# Mahindra 3525 Wiring Problems



## bckoon14 (Apr 25, 2016)

Hi everyone I am new here.:hello: I have recently acquired a Mahindra 3525 DI that has some problems in the wiring. It will crank and run fine but I have no lights, horn, blinkers etc... Does anyone have the wiring diagrams/schematics they wouldn't mind sharing? I would like to get this straightened out. Any help would be greatly appreciated.:worthy:

Thanks,
Clint


----------



## HarveyW (Sep 15, 2014)

Hello Clint,

Good to have you visit the forum again.

Have you checked fuses? Use an ohmmeter to double check. Check ground connections everywhere, especially on the instrument cluster.

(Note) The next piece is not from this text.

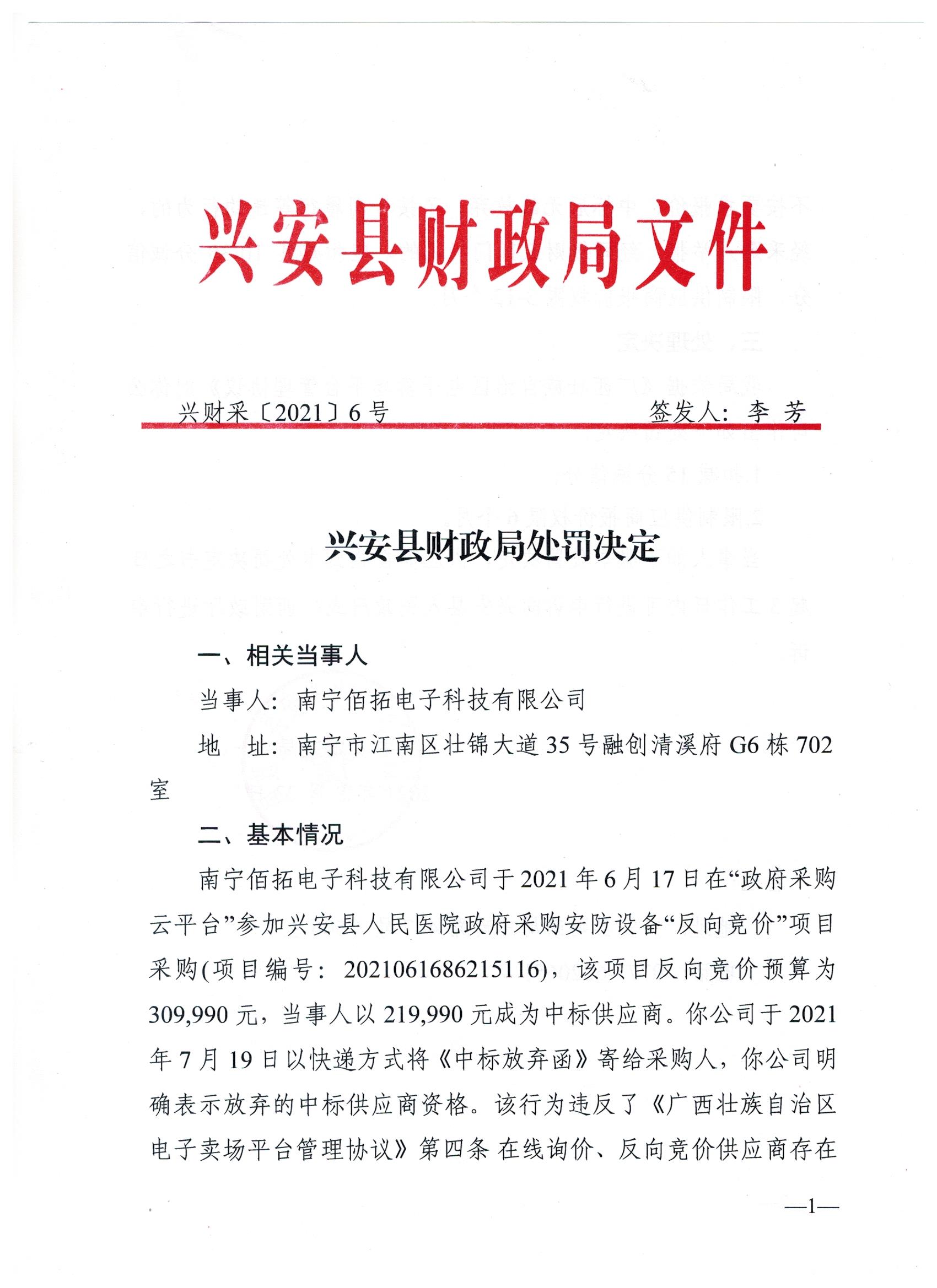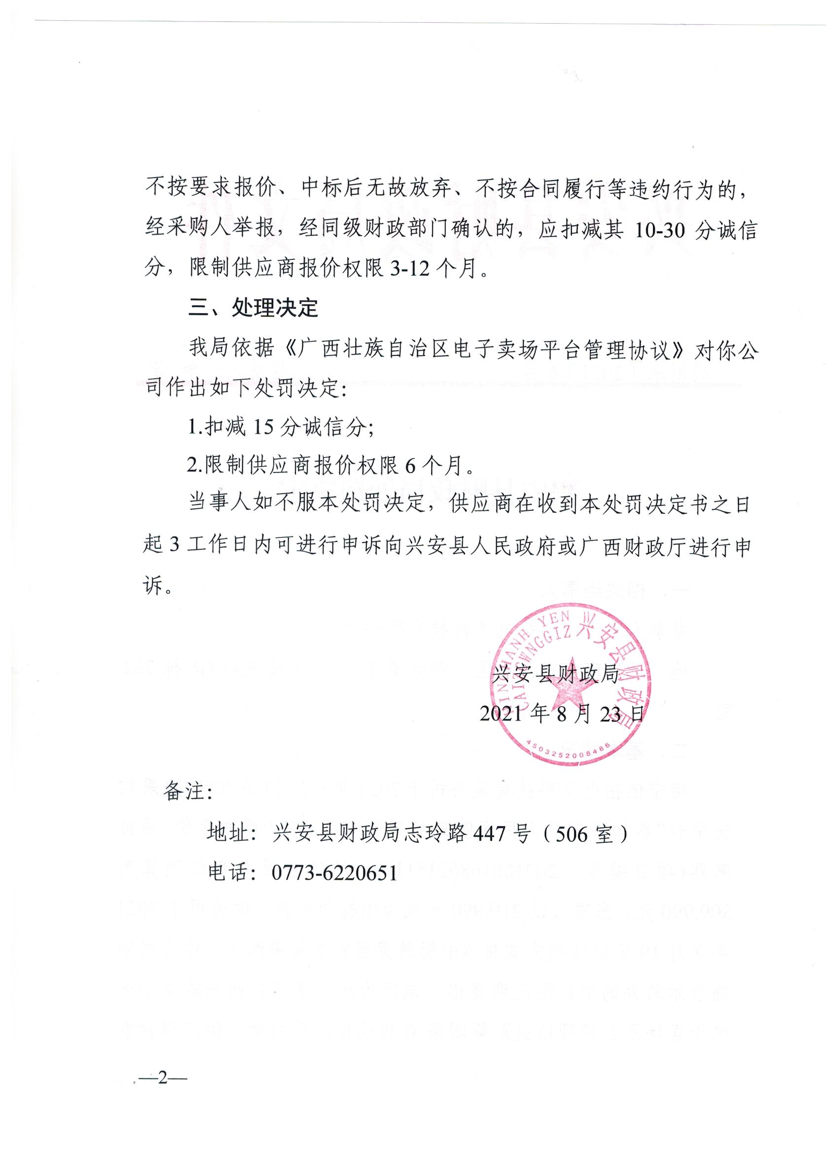 兴财采〔2021〕6号 兴安县财政局处罚决定

There is a wiring diagram in the rear of the owners manual. If you don't have a manual, you can get one (on CD) on the internet for about $55.


----------



## bckoon14 (Apr 25, 2016)

Thanks for the reply - I don't have an owners manual with it. Previous owner did some "rewiring" on it and I don't know what is what. I suspect some of the safety sensors could be jumped out. Also it will start when you turn the key clockwise or ccw. I don't actually own the tractor. It was left to my cousin by his father in law when he passed a couple of years back and I am trying to help him get in better working condition. In return he lets me use it from time to time.


----------